トプコンブランドのレンズシャッター式一眼レフカメラは、東京光学の技術の集大成とも言うべき「トプコンユニレックス」の登場をもって、ひとつの完成形に到達します。このカメラは、ミラーメーター中央のスポット測光とペンタプリズム脇の平均測光を切り替え可能で、ストロボはすべてのシャッター速度にシンクロする機構を備えるなど、最高水準の機能と完成度を誇りました。1968年(昭和43年)に輸出向け、翌1969年(昭和44年)に国内向けを販売開始し、国内外で多くのファンを獲得しました。
東京光学が小型カメラの生産を終了して40年以上が経過しましたが、ビンテージとして現存するトプコンブランドのカメラは、インターネットや中古品市場、雑誌、TVなどの多くの媒体で、今も熱い視線を集めています。「トプコンユニレックス」も、令和を迎えてなおNHK Eテレの番組(2019年(令和元年)6月放送「デザインあ」内「かたち」のコーナー)で取り上げられるなど、高く評価されています。時代を超越する不朽のマスターピースとして、トプコンブランドの名機たちは、日本のカメラ史に燦然と輝き続けているのです。

カメラの歴史を「医・食・住」に活かす。「トプコン」は永遠に

1980年(昭和55年)7月。戦後の復興期から数々の革新的な名機を世に送り、写真文化の一般化と発展に貢献した東京光学は、多くのファンに惜しまれながらも小型35ミリカメラの生産を終了します。その後は大型カメラ「トプコンホースマン」のみ製造を継続しましたが、これも1992年(平成4年)3月31日をもって駒村商会へ業務を移管し、すべてのカメラ事業から撤退しました。

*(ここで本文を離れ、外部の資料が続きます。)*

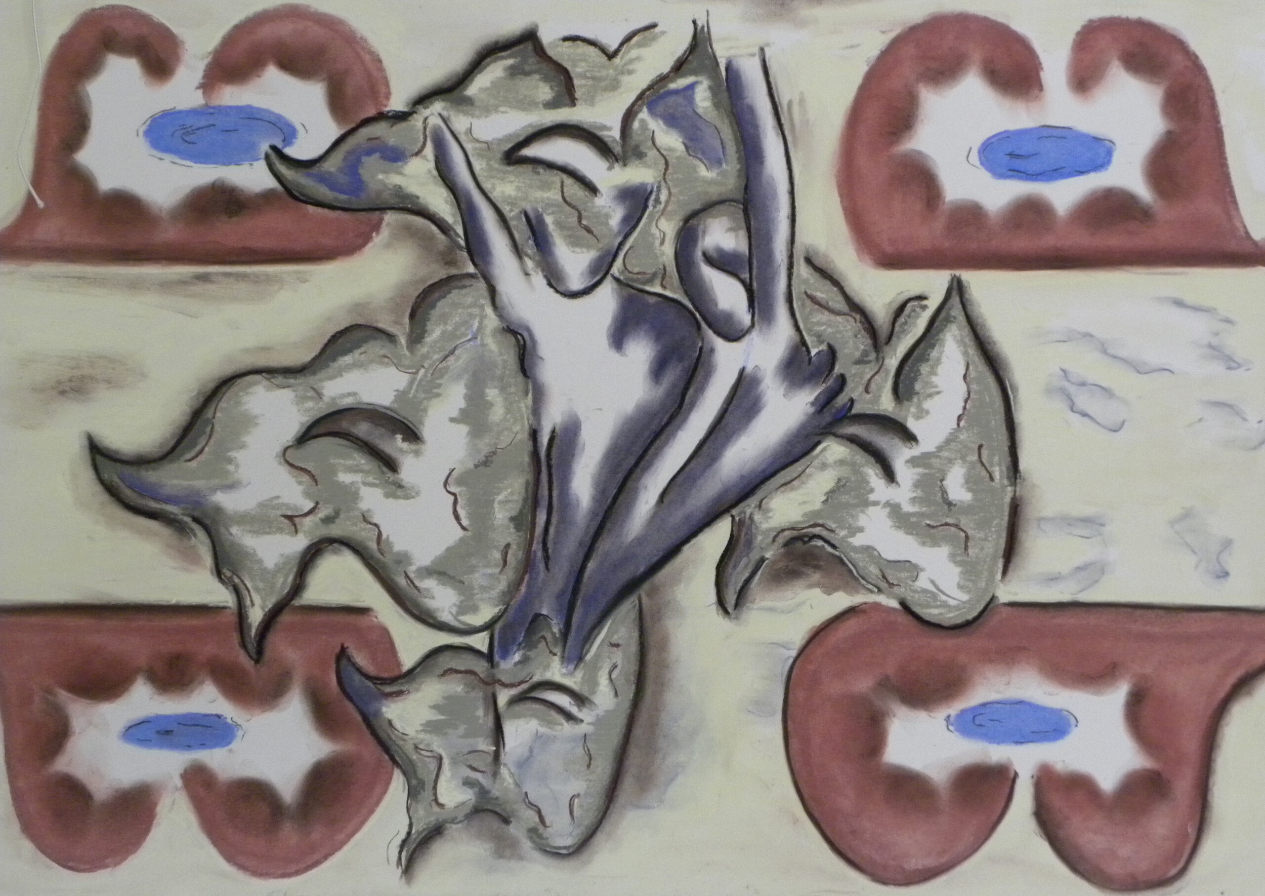 Pasteltekening op groot formaat. Thematiseert de euforie van de liefde.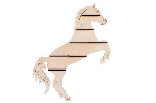 Półka, ekspozytor "Koń" wycięta ploterem laserowym ze sklejki drewnianej o grubości 6 mm, niemalowana.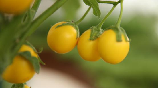 专家李新旭指着头顶上挂满了红色小番茄的绿枝介绍,这是一株巨型番茄树,覆盖40平方米左右的面积,不远处的大花盆中装满了营养液,番茄树的主干就是从那里伸展开来。可别小看了它,这可是现代农业科技集成的结晶。百蔬园展馆中共打造了两棵番茄树景观,采用无限生长型番茄品种,一个大型果一个小型果两个品种。番茄树以营养液水培的模式进行栽培,通过整枝修剪及营养调控和环境调控技术使番茄长为树状,一般种植当年即可结果,单株水平展幅可达到8—10米,株高可通过人为调整达到2.3—2.6米,从定植到拉秧小型果品种单株年结果可达20000个以上,中型果品种可达10000个以上,充分展示了蔬菜的高产潜力。同时番茄还具有美容防衰老、清热解毒、降血压等效果,非常适宜高强度工作的年轻人和中老年人食用。
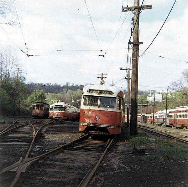 Once off the Palm Garden Bridge the street cars had a long, not too steep, climb up "Ravine St." past the South Hills Cars Shops and storage area. This is what might be called the eastern section of the yard. The switch onto the mainline was about 1/3rd the distance from the admin building to the Palm Garden trestle. Interurban 1616 sitting here was in the yard - the two tracks immediatly to the right of 1616 were the ones used by 38-39-42 cars. In the latter days of PRCo - 1955-1964 - the 1600 series interurbans were kept here as they only saw service in the rush hour - very rarely otherwise. It was unusual to see a 17 interurban here "on the east side" of the yard - they were kept on the western side for the most part. PCC cars at Palm Garden loop itself usually needed some kind of repair. There was a direct entrance into the yard from the Palm Garden Loop. A couple of the tracks on the left were stub end and had to be backed into from the ladder track in the foreground.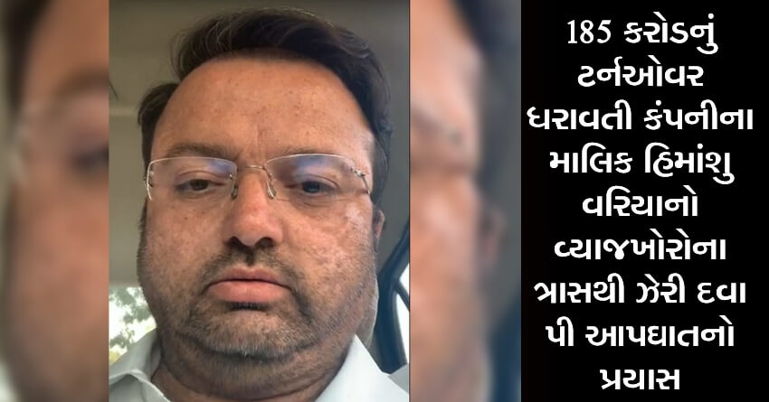 185 કરોડનું ટર્નઓવર ધરાવતી કંપનીના માલિક હિમાંશુ વરિયાનો વ્યાજખોરોના ત્રાસથી ઝેરી દવા પી આપઘાતનો પ્રયાસ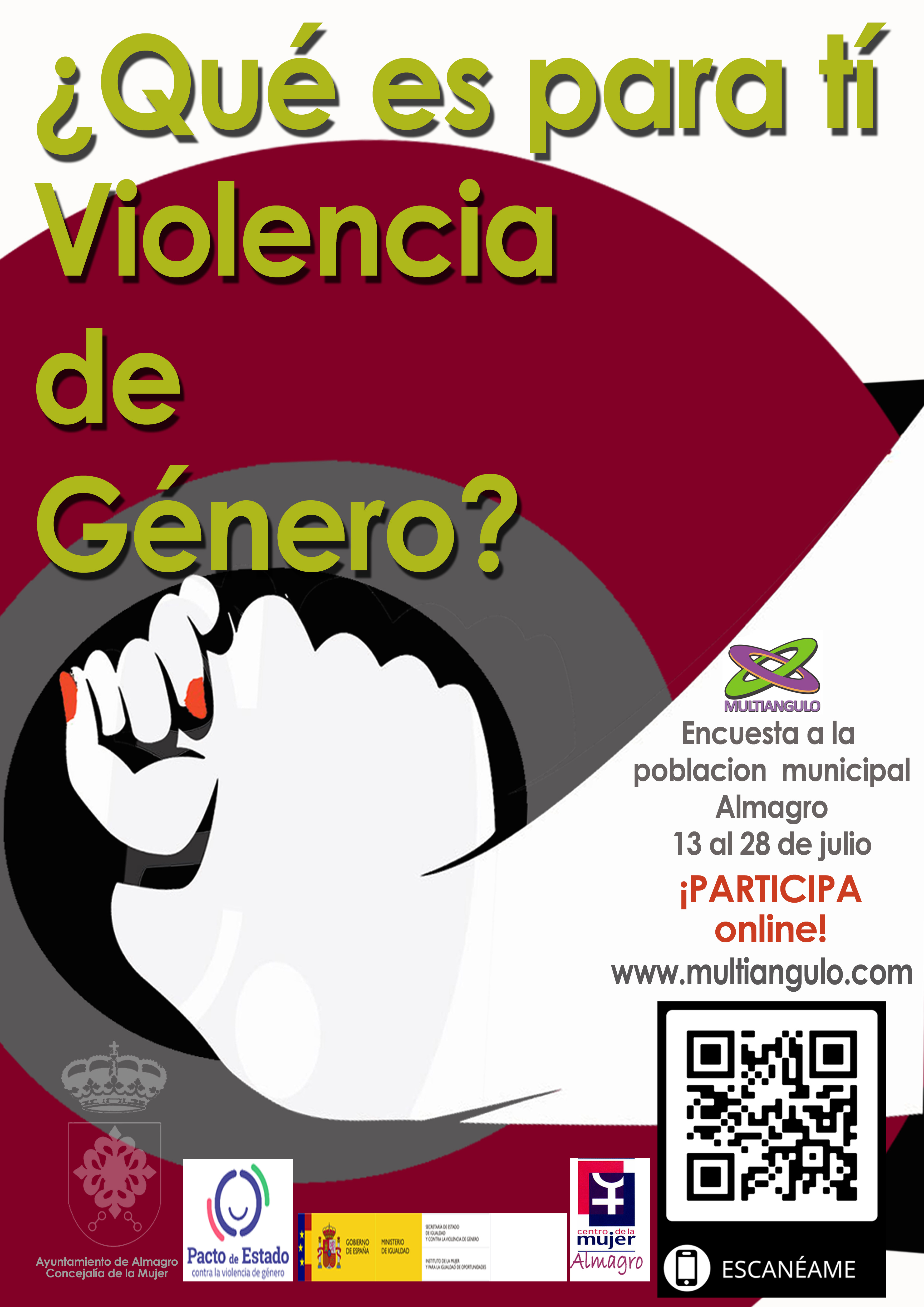 La Concejalía de la Mujer, en su nombre su responsable, solicita la colaboración ciudadana con el equipo de Multiangulo para contestar la encuesta que para estos fines están llevando a cabo durante este mes de julio y en su difusión entre vuestros círculos profesionales y personales
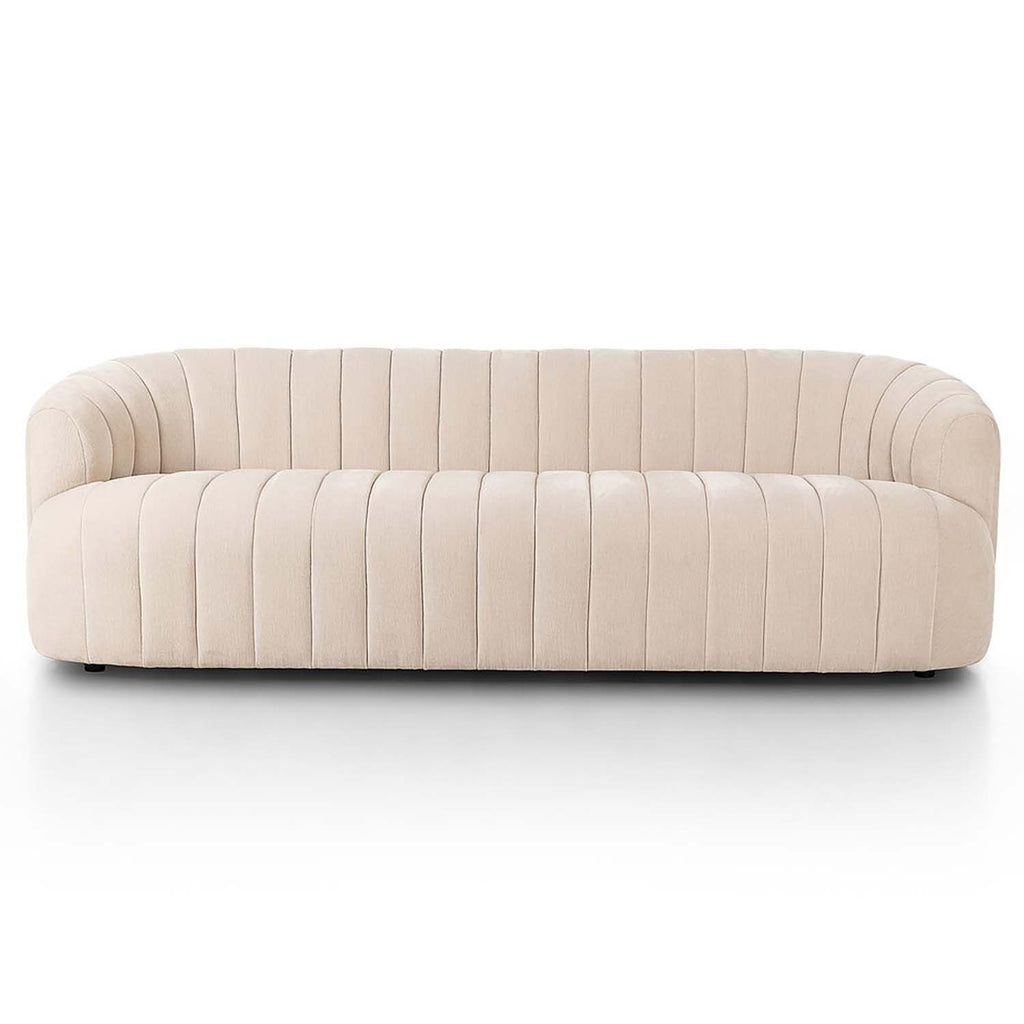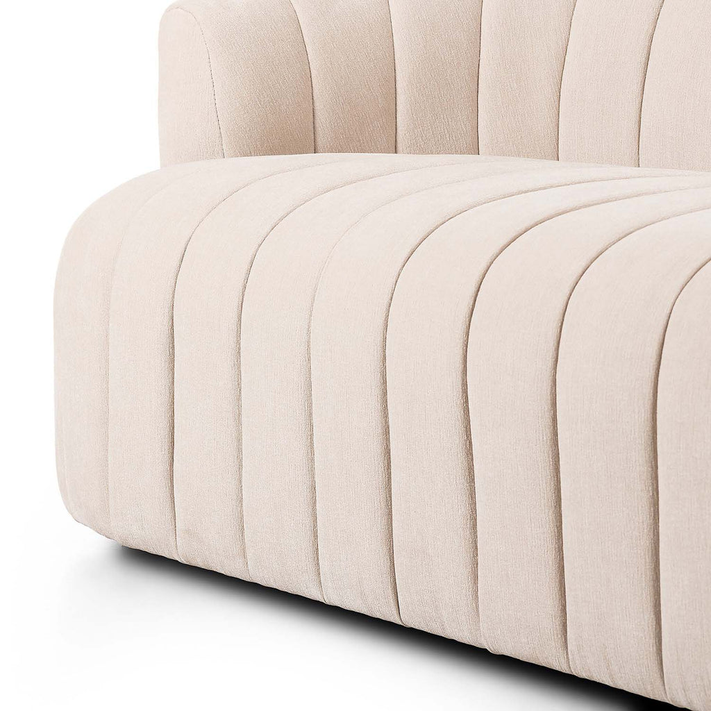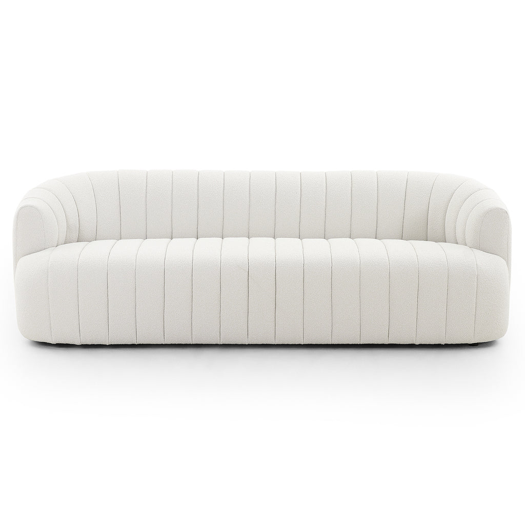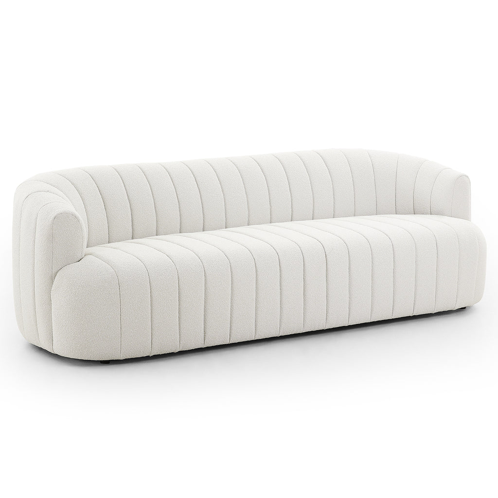 Meet the sofa that offers it all: curves, texture, durability, and sustainability. Detailed with wide, vertical channeling all around. Easy to clean and made from fully recyclable materials, FIQA fabrics are machine-washable, stain-resistant, water-repellent and antimicrobial.

しかし、現在のトプコンが掲げる《「医・食・住」に関する社会的な課題を解決し、豊かな社会づくりに貢献します。》という経営理念は、まさにカメラ事業の経験と実績によって導かれた側面があります。たとえば、グローバル化の第一歩は、1957年(昭和32年)に米国・ニューヨーク市のジャパンカメラセンターに駐在員を派遣し、翌年から現地のカメラ商社・ベッセラー商会に技術者を常駐させたことが端緒。これ以降、トプコンブランドのカメラ販売網を世界中に拡げていたことが、後年の測量機や医療機器の拡販に、環境の整った風通しの良い門戸を開きました。また眼底カメラや手術顕微鏡などの開発も、カメラ事業で培った技術が強力なアドバンテージとなりました。

「東京光学機械株式会社」は、1989年(平成元年)4月、社名を「株式会社トプコン」と改めます。それは、カメラ事業の歴史と世界に愛された「トプコン」の銘に敬意と誇りを表し、新たな門出に際して総合精密機器メーカーとして歩み出す決意をあらためて確認した、とても大きな新社名だったのです。